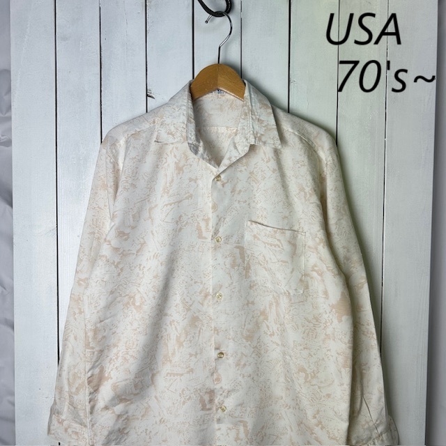 > sh●A13 USA古着 70s~ 薄総柄シャツ L程度 オールド ヴィンテージ アメリカ古着 長袖 ポリシャツ ヨーロッパ ユーロ
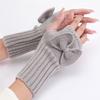 Korean Knitted Gloves Women's Bow Hand Warmer Winter Gloves Fashion Black Pink Knitted Thicken Mitten Fingerless Mittens
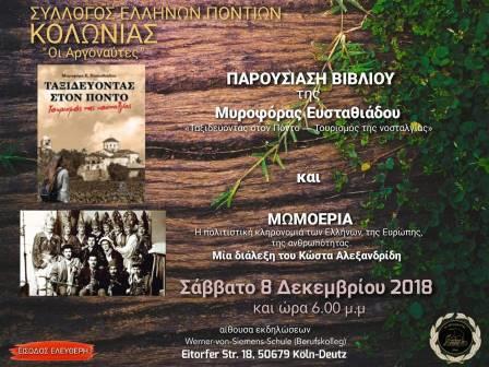 Επιτυχημένη ήταν η εκδήλωση που πραγματοποίησε το Σάββατο 8 Δεκεμβρίου 2018, ο Ποντιακός Σύλλογος Κολωνίας στο κρατίδιο της Ρημανίας – Βεστφαλίας στη Γερμανία, σε μία εκδήλωση έντονου συναισθηματισμού, αφού υπήρξε εισήγηση από τον Κώστα Αλεξανδρίδη για το δρώμενο των Μωμό’ερων, και στη συνέχεια ακολούθησε η παρουσίαση του βιβλίου της Μυροφόρας Ε. Ευσταθιάδου, "Ταξιδεύοντας στον Πόντο. Τουρισμός της Νοσταλγίας".
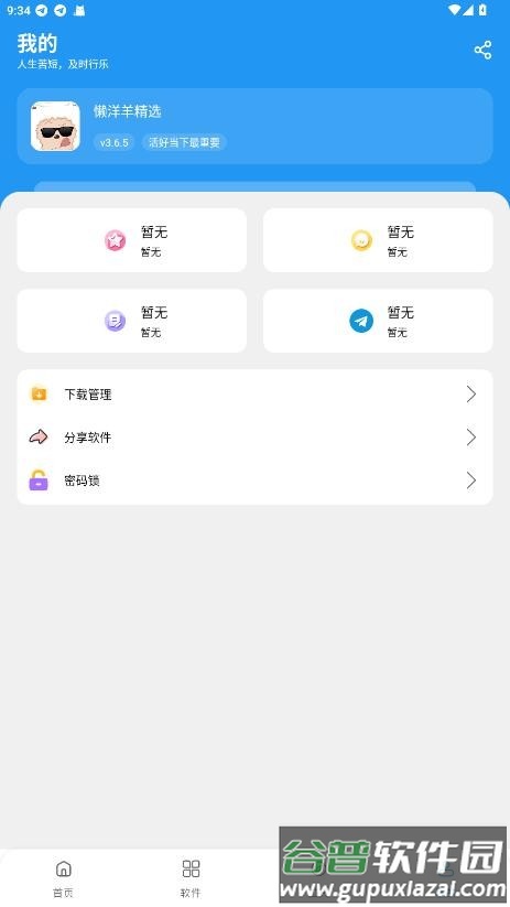 我的页面把设置选项集中起来,包括下载管理、分享和密码保护。
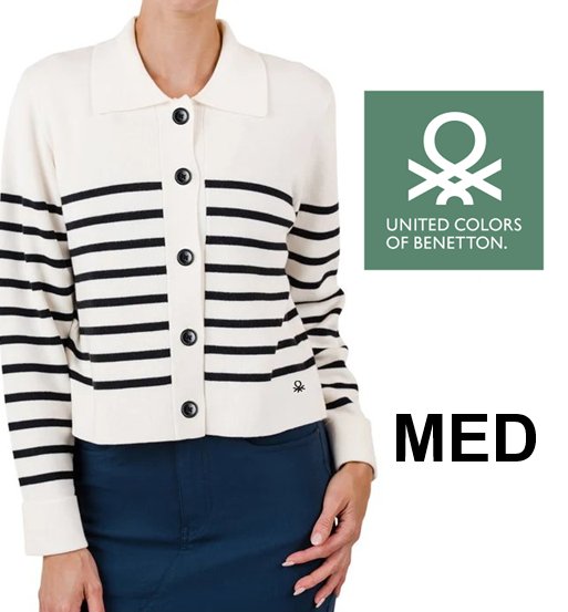 women's united colors of benetton stripped milano button front cardigan - medium - white/black (style: 1934774)
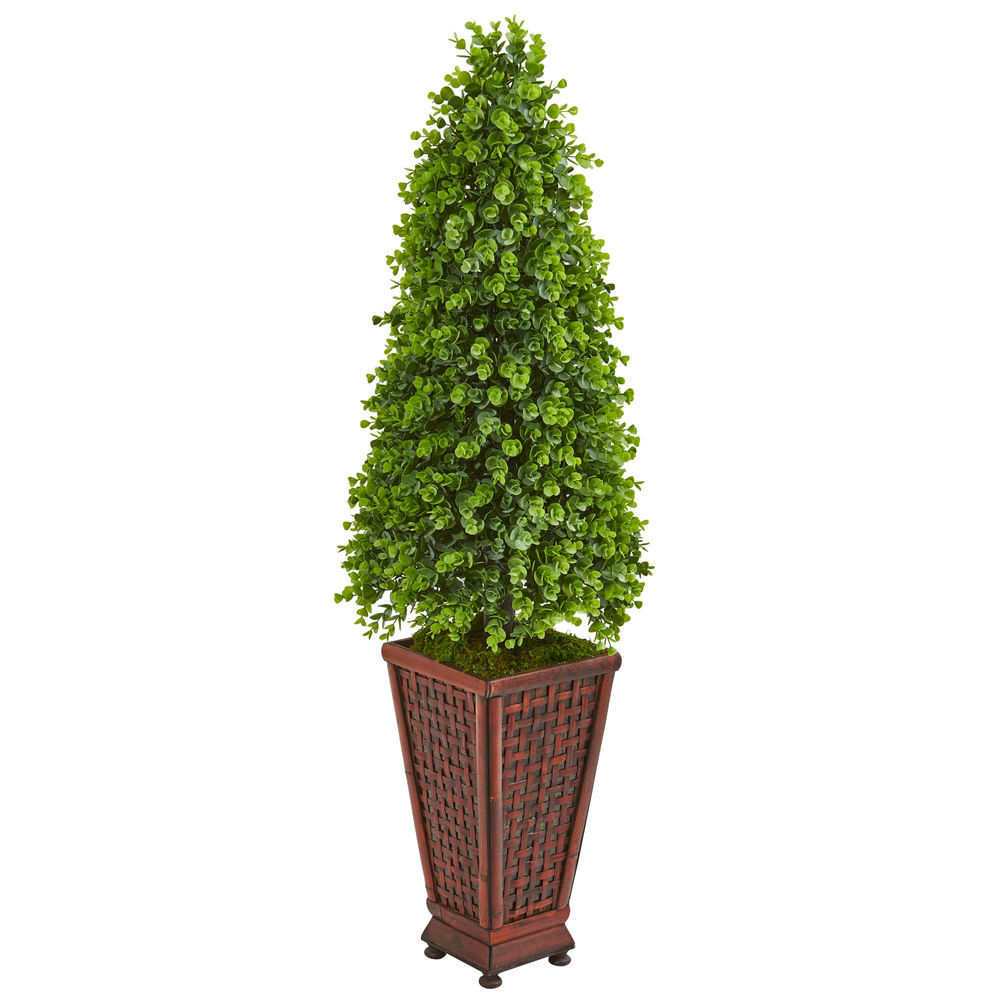 Nearly Natural 4ft Eucalyptus Cone Topiary Tree in Decorative Planter
• • • • •
**Assignment**
Except for the pictures, set down all of the records exactly.

**Output**
 > sh●A13 USA古着 70s~ 薄総柄シャツ L程度 オールド ヴィンテージ アメリカ古着 長袖 ポリシャツ ヨーロッパ ユーロ
 Korean Knitted Gloves Women's Bow Hand Warmer Winter Gloves Fashion Black Pink Knitted Thicken Mitten Fingerless Mittens
 Επιτυχημένη ήταν η εκδήλωση που πραγματοποίησε το Σάββατο 8 Δεκεμβρίου 2018, ο Ποντιακός Σύλλογος Κολωνίας στο κρατίδιο της Ρημανίας – Βεστφαλίας στη Γερμανία, σε μία εκδήλωση έντονου συναισθηματισμού, αφού υπήρξε εισήγηση από τον Κώστα Αλεξανδρίδη για το δρώμενο των Μωμό’ερων, και στη συνέχεια ακολούθησε η παρουσίαση του βιβλίου της Μυροφόρας Ε. Ευσταθιάδου, "Ταξιδεύοντας στον Πόντο. Τουρισμός της Νοσταλγίας".
 我的页面把设置选项集中起来,包括下载管理、分享和密码保护。
 women's united colors of benetton stripped milano button front cardigan - medium - white/black (style: 1934774)
 Nearly Natural 4ft Eucalyptus Cone Topiary Tree in Decorative Planter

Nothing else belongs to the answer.